The Venice Carnival
Italians pronounce it: carnay valey (translation: carne/flesh; vale/farewell). Farewell to the delights of the flesh. Like Mardi Gras it ends on Shrove Tuesday and is the final festive feast before the Lent fast.
During the Middle Ages the carnival developed into bawdy buffoonery. The anonymity of the masks meant that servants could mock their masters, couples deceive each other and satirical accounts of the behaviour of prominent persons be voiced. No change there, then. Abolished by Napoleon, the Carnival was resurrected in l980 by the Mayor of Venice. Since then it has been a poseurs’ paradise and attracted people-watchers from all over the world.
To join in all you need is a mask. You can choose one of the cheap and cheerful 'Made in China' ones sold from postcard stands in the streets or invest in a locally-made work of art from the fascinating mascari (mask shops).
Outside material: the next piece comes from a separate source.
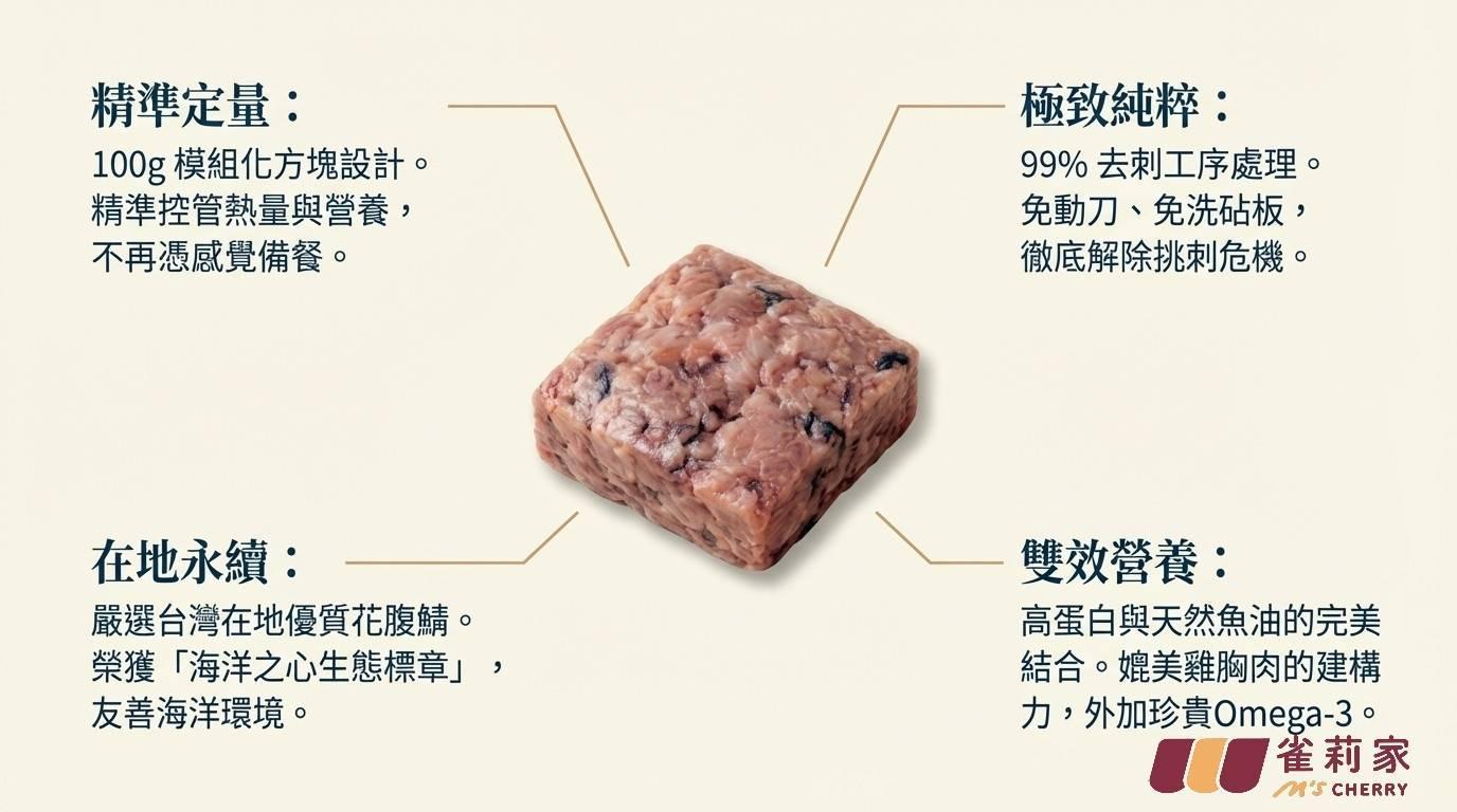 營養攝取不夠均衡,這已然成為我們餐桌飲食管理的重要課題。為什麼呢? 隨著我們年齡的增長,我們食量會自然下降,當每一餐量下降,我們吃進肚裡的一口一食,其所乘載的營養密度若能愈高,日常的飲食管理自然就愈加游刃有餘。這正是雀莉家開發這款「台灣花腹鯖絞肉」的起心動念。

It can be quite amazing how the donning of a mask can change your behaviour, as well as your appearance. Even the most inhibited people may find themselves acting out wild fantasies. Try it. Your inscrutable masked face may attract whispered quips from passing strangers. The mask shops also have all kinds of costumes for hire and there are masked balls in several hotels and palazzos. But beware: clever cross-dressing is common. All that lies beneath may not be what it seems.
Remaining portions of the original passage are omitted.